Understanding of changes in thyroid function and the consequences of thyroid disease during pregnancy has rapidly grown in the past two decades, and revised American Thyroid Association guidelines on this topic were published in 2017. This Review explores the association between thyroid autoimmunity and complications during and after pregnancy. Thyroid autoimmunity refers to the presence of antibodies to thyroperoxidase or thyroglobulin, or thyroid-stimulating hormone receptor antibodies (TRAbs), or a combination of these, and is present in up to 18% of pregnant women. Thyroid antibodies in pregnant women with normal functioning thyroids (ie, euthyroid) have been associated with several complications, including miscarriage and premature delivery. Treatments to improve pregnancy outcomes are being studied. Whether thyroid antibodies are associated with infertility and assisted reproductive technology outcomes is unclear; although, treatment with low doses of levothyroxine, which is usually used to treat hypothyroidism, can be considered in such situations. Additionally, thyroid antibodies have been associated with other neonatal and maternal complications. All these associations require confirmation in larger prospective studies, and their pathogenic mechanisms need to be better understood. Post-partum thyroiditis is substantially more frequent in women who have thyroid antibodies during pregnancy than in those who do not have thyroid antibodies; however, whether treatment can prevent post-partum thyroiditis in women who are or have been antibody positive is unknown. Finally, TRAbs cross the placenta from the mother to the fetus and can cause fetal or neonatal hyperthyroidism.
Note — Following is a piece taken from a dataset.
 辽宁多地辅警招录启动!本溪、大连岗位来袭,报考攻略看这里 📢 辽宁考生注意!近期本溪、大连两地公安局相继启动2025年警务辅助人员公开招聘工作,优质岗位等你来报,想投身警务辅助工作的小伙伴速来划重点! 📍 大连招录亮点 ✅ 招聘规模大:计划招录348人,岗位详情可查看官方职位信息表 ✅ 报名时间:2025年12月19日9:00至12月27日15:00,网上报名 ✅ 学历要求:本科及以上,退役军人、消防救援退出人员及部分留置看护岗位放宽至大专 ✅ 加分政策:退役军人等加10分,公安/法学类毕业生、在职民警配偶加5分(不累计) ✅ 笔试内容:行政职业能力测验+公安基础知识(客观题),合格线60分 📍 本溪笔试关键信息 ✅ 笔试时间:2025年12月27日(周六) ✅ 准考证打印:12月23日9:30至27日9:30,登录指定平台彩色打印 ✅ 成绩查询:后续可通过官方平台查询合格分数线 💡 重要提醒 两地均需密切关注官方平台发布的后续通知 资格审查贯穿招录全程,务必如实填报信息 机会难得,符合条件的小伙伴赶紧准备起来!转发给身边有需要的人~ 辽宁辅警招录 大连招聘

Therefore, women who are positive for TRAbs during pregnancy should be monitored.

中文翻译:

妊娠期间自身免疫性甲状腺疾病。

在过去的二十年中,对甲状腺功能变化和怀孕期间甲状腺疾病后果的了解迅速增长,有关该主题的美国甲状腺协会修订指南于2017年发布。该综述探讨了甲状腺自身免疫与并发症期间和之后的并发症之间的关系。怀孕。甲状腺自身免疫是指存在针对甲状腺过氧化物酶或甲状腺球蛋白的抗体,或促甲状腺激素受体抗体(TRAbs)或它们的组合,并且存在于多达18%的孕妇中。甲状腺功能正常的孕妇(即正常甲状腺)的甲状腺抗体与多种并发症有关,包括流产和早产。正在研究改善妊娠结局的疗法。尚不清楚甲状腺抗体是否与不孕症和辅助生殖技术结局有关;不过,在这种情况下,可以考虑使用通常用于治疗甲状腺功能减退的低剂量左甲状腺素治疗。另外,甲状腺抗体已与其他新生儿和产妇并发症相关。所有这些关联都需要在更大的前瞻性研究中得到证实,并且它们的致病机制需要更好地理解。与没有甲状腺抗体的妇女相比,怀孕期间具有甲状腺抗体的妇女的产后甲状腺炎的发生率要高得多。但是,对于抗体阳性或曾经抗体阳性的妇女,治疗是否可以预防产后甲状腺炎尚不清楚。最后,TRAbs从母亲到胎儿穿过胎盘,可引起胎儿或新生儿甲亢。因此,应监测怀孕期间TRAb阳性的妇女。